*** Opening of MATERIAL FOR THE TASK ***

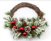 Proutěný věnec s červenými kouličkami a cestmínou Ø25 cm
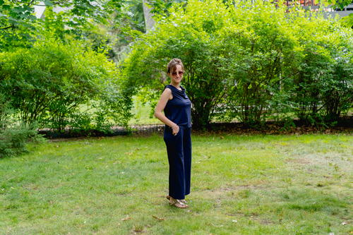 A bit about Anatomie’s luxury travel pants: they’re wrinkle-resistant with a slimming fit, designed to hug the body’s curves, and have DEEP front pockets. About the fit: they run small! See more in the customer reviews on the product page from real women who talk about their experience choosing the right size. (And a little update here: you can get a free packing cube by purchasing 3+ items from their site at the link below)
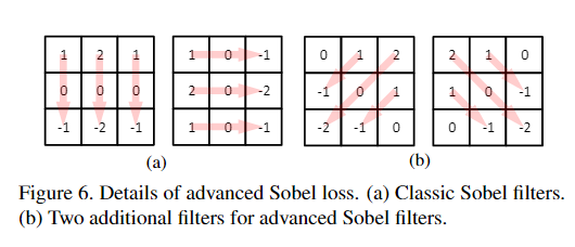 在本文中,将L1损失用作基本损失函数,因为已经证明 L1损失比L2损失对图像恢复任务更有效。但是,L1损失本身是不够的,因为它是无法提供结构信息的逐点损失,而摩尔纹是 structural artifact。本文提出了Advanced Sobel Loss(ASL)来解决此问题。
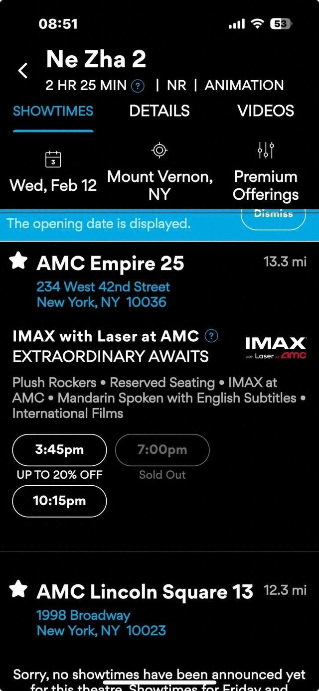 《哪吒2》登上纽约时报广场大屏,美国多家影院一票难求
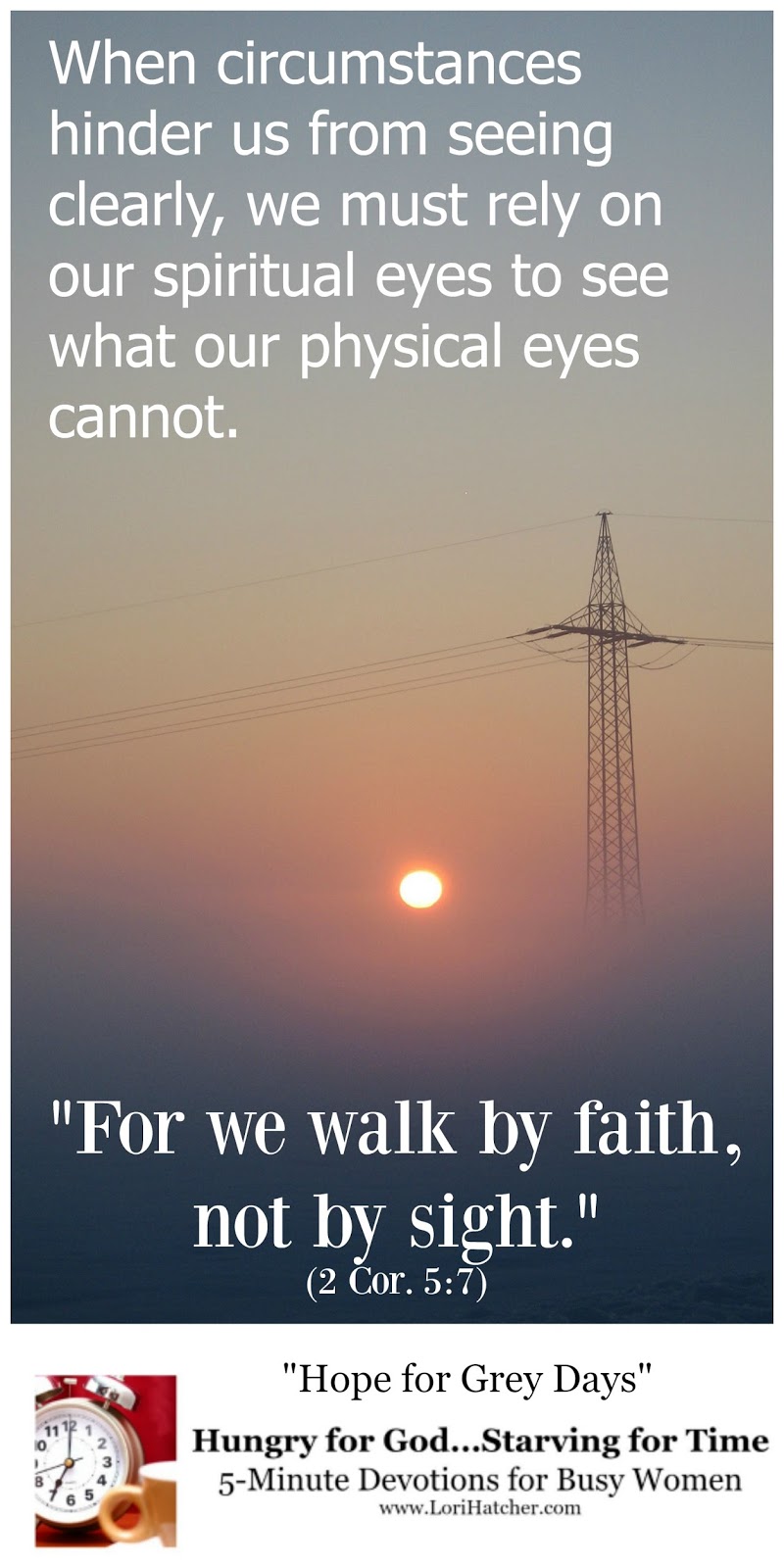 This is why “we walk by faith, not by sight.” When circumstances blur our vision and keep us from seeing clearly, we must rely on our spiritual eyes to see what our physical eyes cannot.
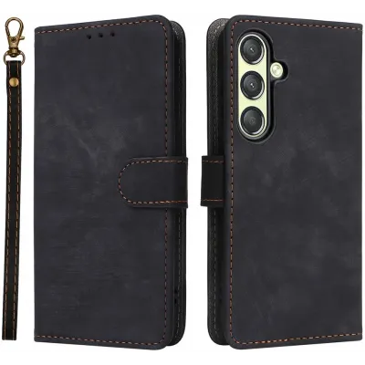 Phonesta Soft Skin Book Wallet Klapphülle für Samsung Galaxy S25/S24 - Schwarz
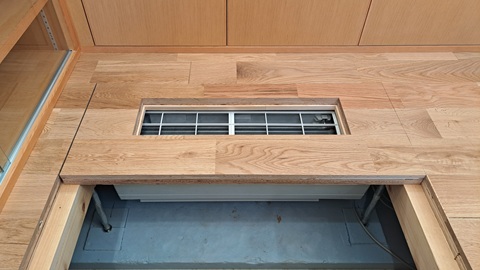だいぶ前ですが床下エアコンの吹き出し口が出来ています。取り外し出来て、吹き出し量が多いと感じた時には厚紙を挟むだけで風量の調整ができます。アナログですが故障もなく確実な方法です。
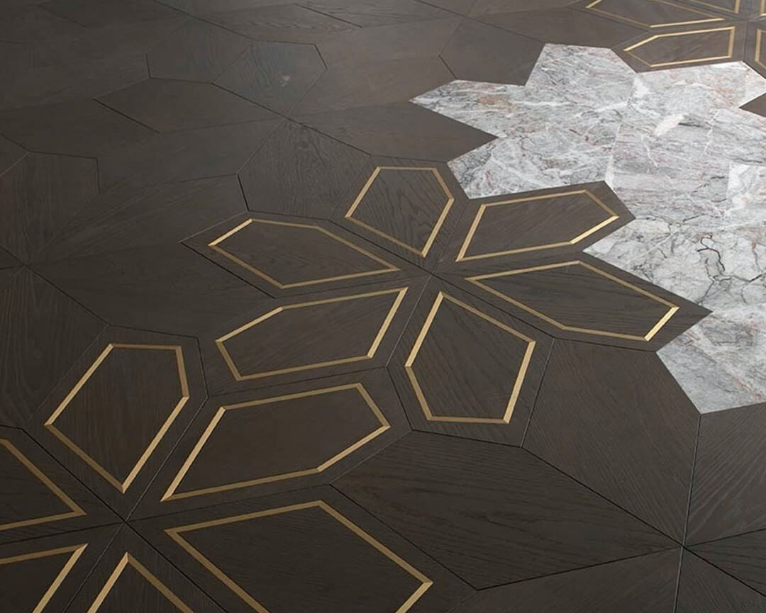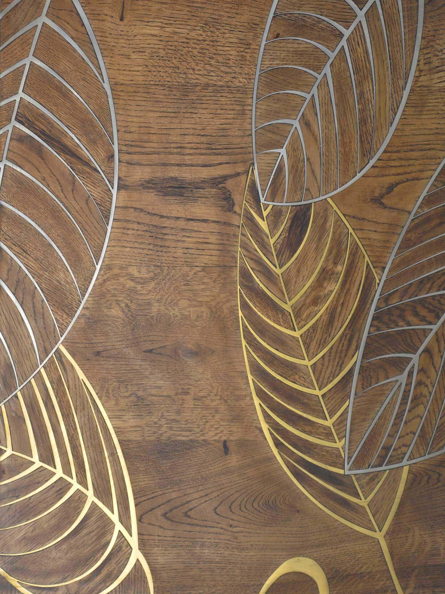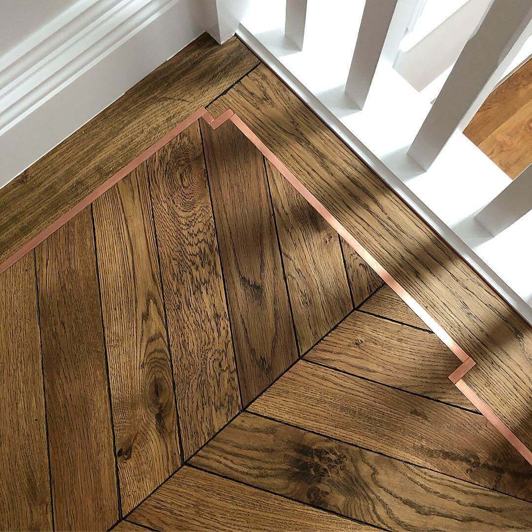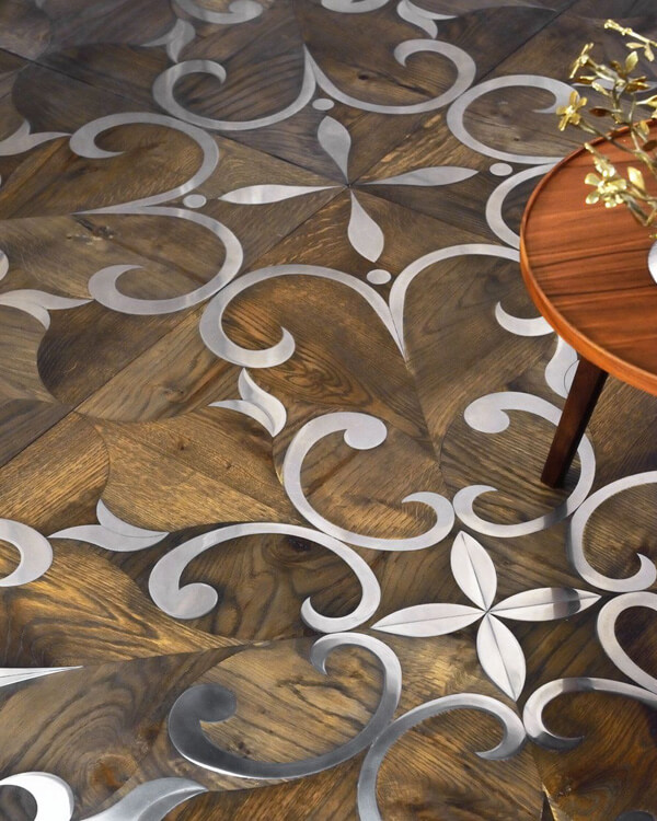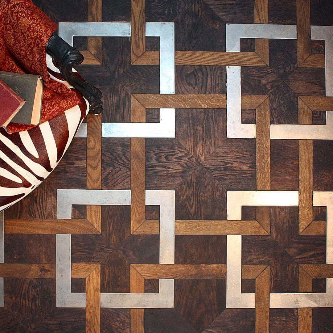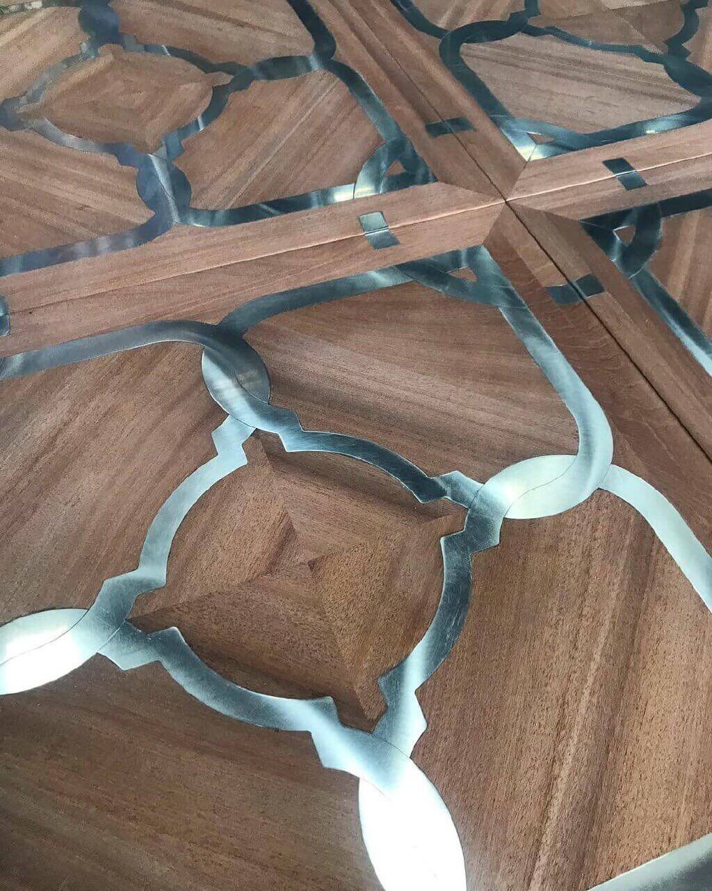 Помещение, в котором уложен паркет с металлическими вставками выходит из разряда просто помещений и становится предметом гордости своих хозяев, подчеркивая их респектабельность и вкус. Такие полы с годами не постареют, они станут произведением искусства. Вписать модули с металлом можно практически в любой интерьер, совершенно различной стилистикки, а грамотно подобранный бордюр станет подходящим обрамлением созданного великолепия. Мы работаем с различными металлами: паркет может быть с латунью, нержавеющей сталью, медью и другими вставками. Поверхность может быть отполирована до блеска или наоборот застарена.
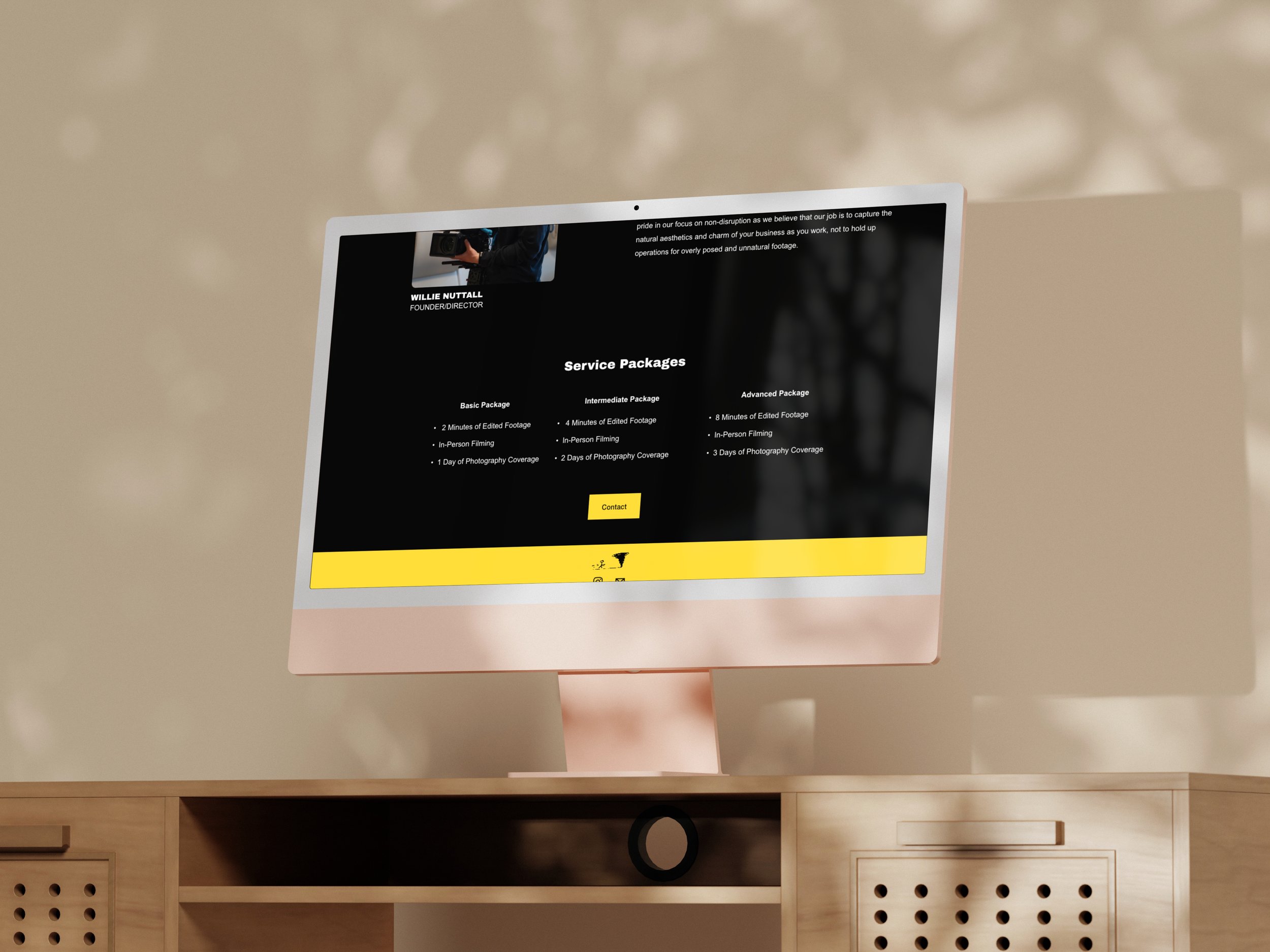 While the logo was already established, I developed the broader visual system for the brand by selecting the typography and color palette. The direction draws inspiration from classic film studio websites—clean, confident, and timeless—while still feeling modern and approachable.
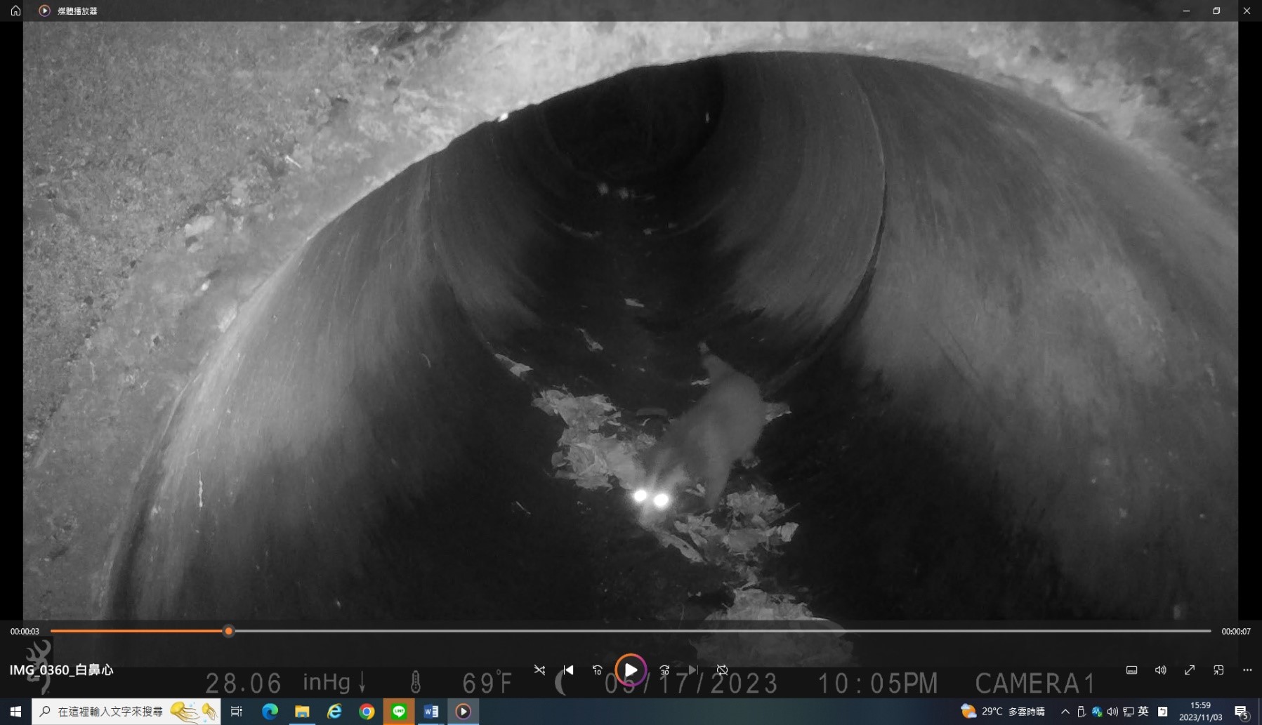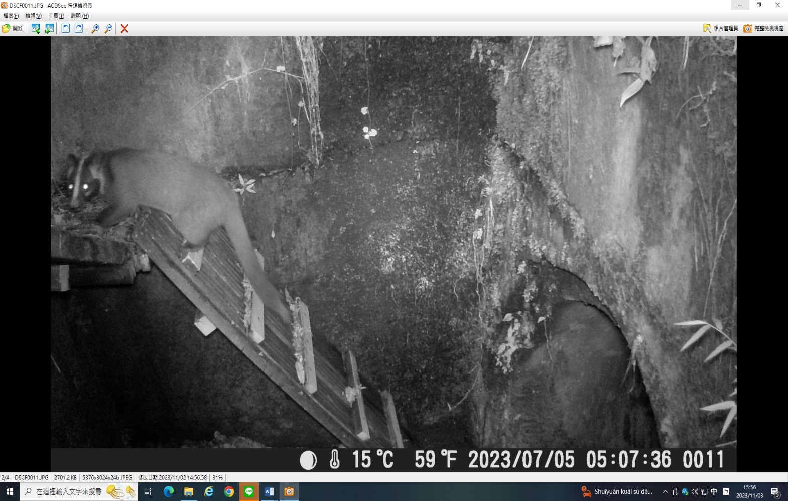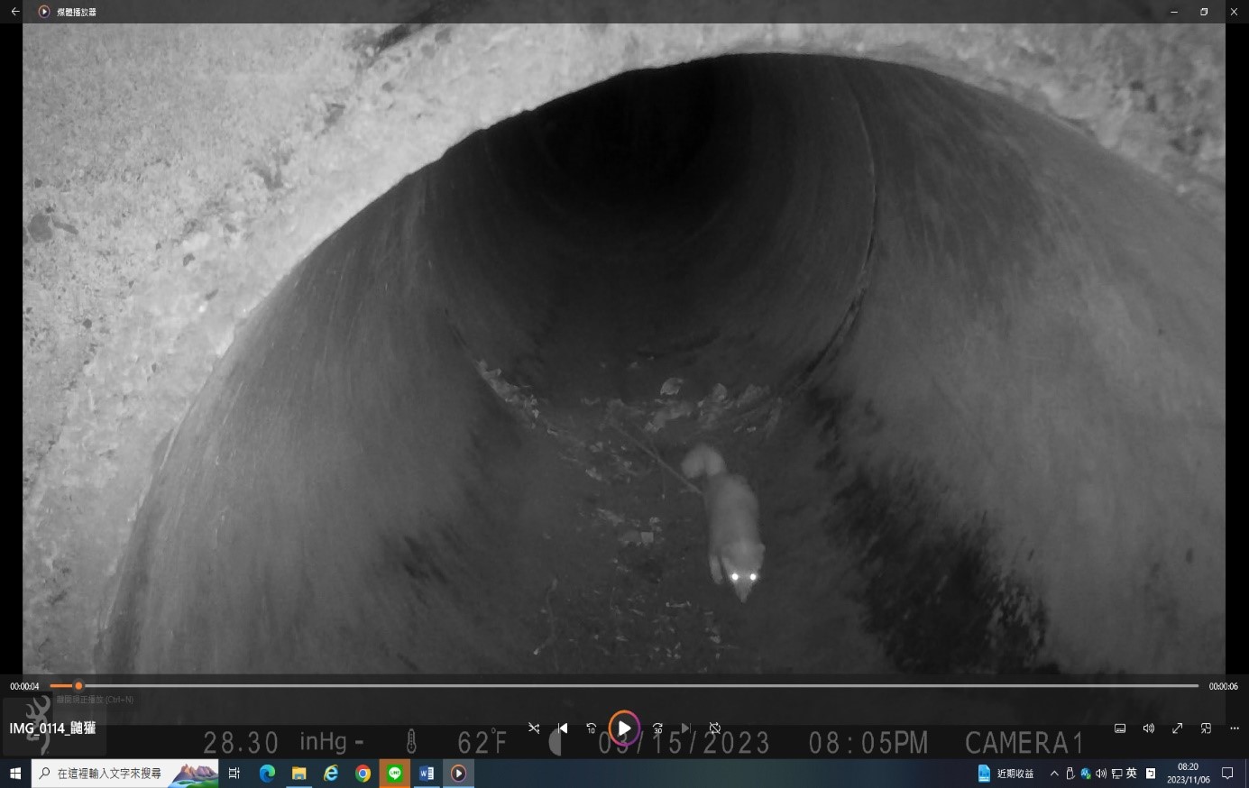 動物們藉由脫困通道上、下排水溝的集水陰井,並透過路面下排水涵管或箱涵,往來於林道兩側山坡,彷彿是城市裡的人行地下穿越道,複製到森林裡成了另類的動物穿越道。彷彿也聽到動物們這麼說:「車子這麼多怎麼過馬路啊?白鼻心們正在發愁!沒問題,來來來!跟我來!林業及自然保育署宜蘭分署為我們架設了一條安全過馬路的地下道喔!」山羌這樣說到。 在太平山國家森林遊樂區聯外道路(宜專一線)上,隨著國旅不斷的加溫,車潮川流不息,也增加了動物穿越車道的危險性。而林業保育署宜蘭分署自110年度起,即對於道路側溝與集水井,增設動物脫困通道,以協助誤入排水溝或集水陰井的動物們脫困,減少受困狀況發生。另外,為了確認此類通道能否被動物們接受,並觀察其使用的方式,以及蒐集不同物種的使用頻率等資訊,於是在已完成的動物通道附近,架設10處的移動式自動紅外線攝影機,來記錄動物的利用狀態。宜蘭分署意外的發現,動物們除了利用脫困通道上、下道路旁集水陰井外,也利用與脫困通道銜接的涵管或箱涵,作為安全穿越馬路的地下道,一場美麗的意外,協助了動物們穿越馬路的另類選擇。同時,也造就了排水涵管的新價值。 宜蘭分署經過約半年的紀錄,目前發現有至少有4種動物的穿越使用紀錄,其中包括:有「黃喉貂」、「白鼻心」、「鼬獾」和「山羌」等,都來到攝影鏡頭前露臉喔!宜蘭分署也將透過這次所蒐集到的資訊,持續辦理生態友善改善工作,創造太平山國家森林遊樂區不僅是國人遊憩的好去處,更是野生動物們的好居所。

*** Close of MATERIAL FOR THE TASK ***

YOUR GOAL —
Print the part of the listing above that opens with the line containing "artifact。本文提出了Advanced Sobel Loss(ASL)来解决此问题。" and closes with the line containing "This is why". Copy it exactly, both ends included, and omit the pictures.

RESULT —
 在本文中,将L1损失用作基本损失函数,因为已经证明 L1损失比L2损失对图像恢复任务更有效。但是,L1损失本身是不够的,因为它是无法提供结构信息的逐点损失,而摩尔纹是 structural artifact。本文提出了Advanced Sobel Loss(ASL)来解决此问题。
 《哪吒2》登上纽约时报广场大屏,美国多家影院一票难求
 This is why “we walk by faith, not by sight.” When circumstances blur our vision and keep us from seeing clearly, we must rely on our spiritual eyes to see what our physical eyes cannot.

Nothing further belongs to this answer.